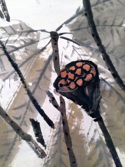 Natürlich zeichnete er nicht nur Insekten, sondern auch all die anderen Motive, die wir aus der traditionellen chinesischen Kunst kennen. Dabei machte mir insbesondere der Gegensatz zwischen den feinsten Zeichnungen der Insekten und der abstrahierenden und manchmal fast primitiven Pinselführung bei anderen Themen Eindruck. Hier ein paar Bildausschnitte.
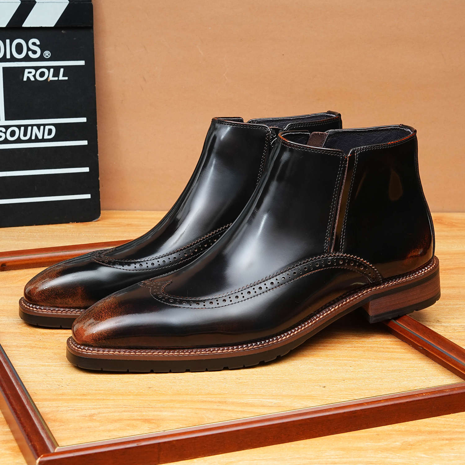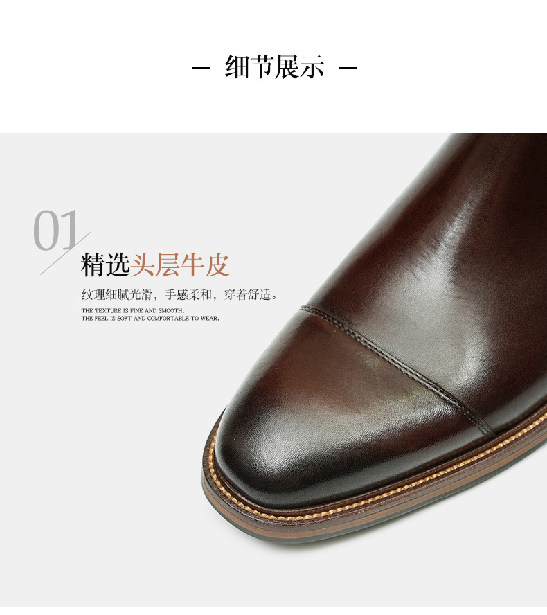 【足】英伦尖头雕花皮鞋男高帮西装正装男士皮靴商务手工切尔西靴
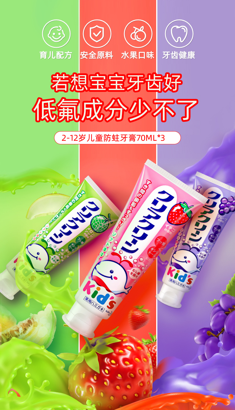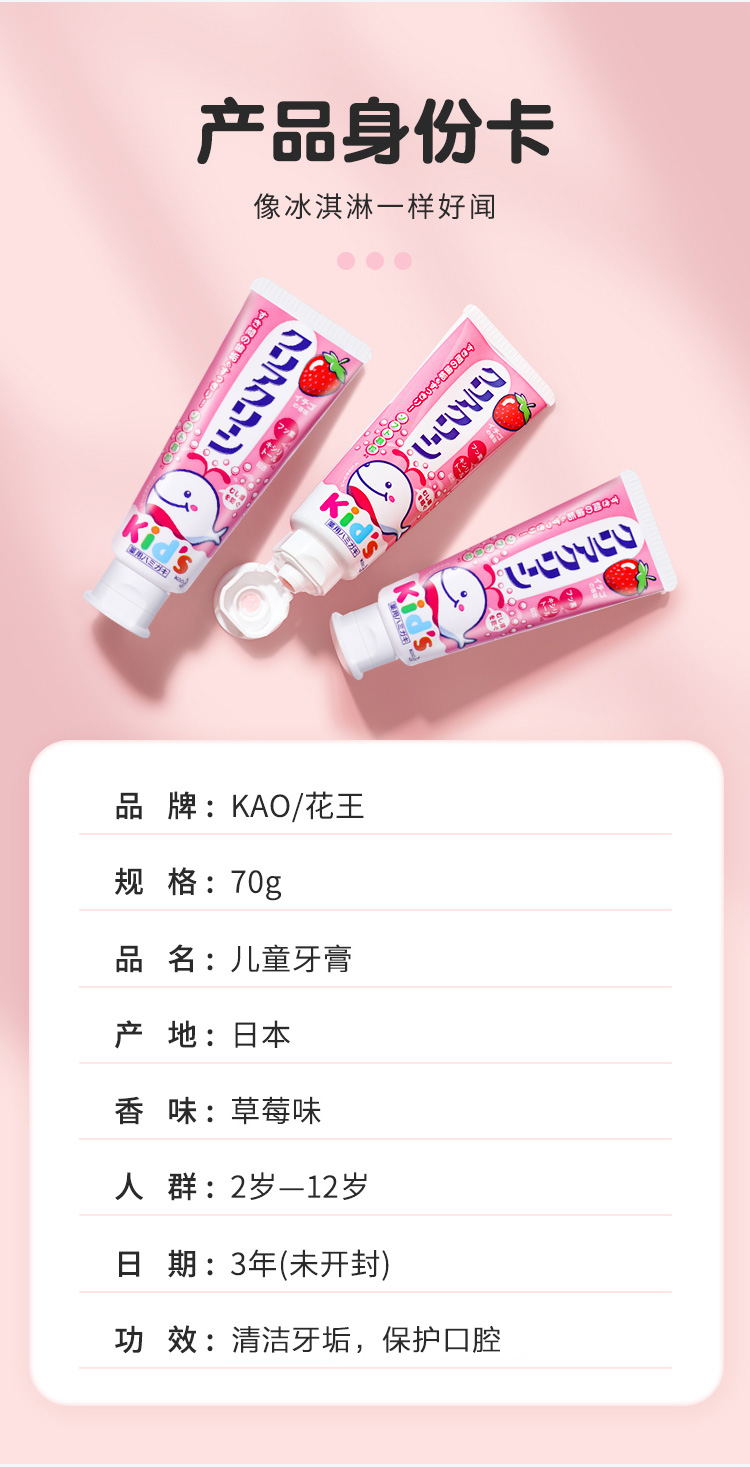 KAO 花王 儿童牙膏(草莓味)70g/支
——
Your goal:
Would you please repeat all the data word for word, but without the pictures?

Response area:
 Natürlich zeichnete er nicht nur Insekten, sondern auch all die anderen Motive, die wir aus der traditionellen chinesischen Kunst kennen. Dabei machte mir insbesondere der Gegensatz zwischen den feinsten Zeichnungen der Insekten und der abstrahierenden und manchmal fast primitiven Pinselführung bei anderen Themen Eindruck. Hier ein paar Bildausschnitte.
 【足】英伦尖头雕花皮鞋男高帮西装正装男士皮靴商务手工切尔西靴
 KAO 花王 儿童牙膏(草莓味)70g/支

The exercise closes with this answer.